A drug-related selfie posted to Facebook may not be the best career move.
In fact, it could instead constitute a case of what some refer to generically as selfie regret.
A suspected drug dealer in Florida who police claim boasted about his activities on Facebook was busted by an undercover officer for — you guessed it — drug dealing.
The Facebook selfie above seems to speak for itself. Another one of the suspect’s selfies posted to Facebook allegedly appears to depict him in a car handling a drug stash in a baggie and a wad of cash right next to a police cruiser. See below.
On its own Facebook page, the Martin County Sheriff’s Office subsequently added some additional images to the collection:
“These are photos of 21-year old Taylor Harrison of Port St. Lucie bragging on his Facebook page about his life as a drug dealer and how easy it is for him to sell drugs in front of our deputies. The first photo Taylor took himself as he pulled alongside one of our deputies. The second photo is a selfie of Taylor with stacks of drug cash and drugs that he says he sells. Notice next to his car, is a patrol car…”

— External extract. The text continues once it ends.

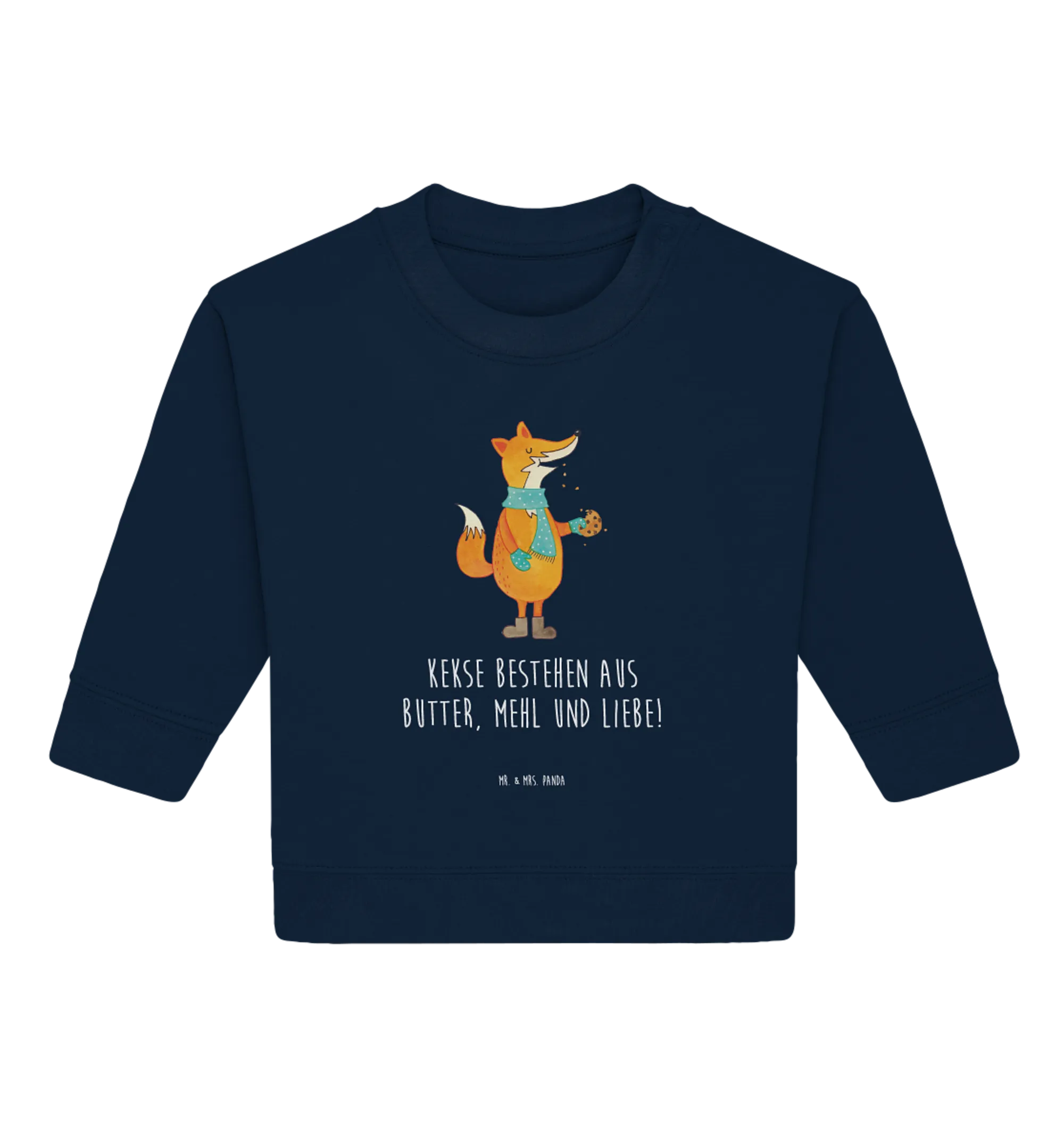 Entdecke unseren zauberhaften Organic Baby Pullover Fuchs Keks aus der beliebten Fuchs Kollektion von Mr. & Mrs. Panda! Dieser niedliche Pullover vereint kuschelige Baumwolle mit einem herzlichen Design, das jedes kleine Herz höher schlagen lässt. Das Motiv eines frechen Fuchses, der mit einem köstlichen Keks spielt, ist nicht nur ein echter Blickfang, sondern erzählt auch von der Liebe, die in der Küche steckt. 'Kekse bestehen aus Butter, Mehl und Liebe!' – ein Spruch, der die Vorfreude auf die Weihnachtszeit und das gemeinsame Backen mit der Familie verkörpert.

The Sheriff’s office goes on to add a photo of what purports to be the undercover transaction in question as well as a booking photo. The suspect was charged with selling drugs to undercover narcotics detectives. “Since Taylor was kind of enough to share photos of us on his Facebook page, we thought we would share these photos of Taylor on our page. Taylor’s bond is $55,500,” explained the sheriff’s Facebook posting.
Reportedly he was charged with a prior drug misdemeanor earlier this year.
In 2013, the Oxford University Press declared selfie the word of the year and added it to the online version of the Oxford Dictionary.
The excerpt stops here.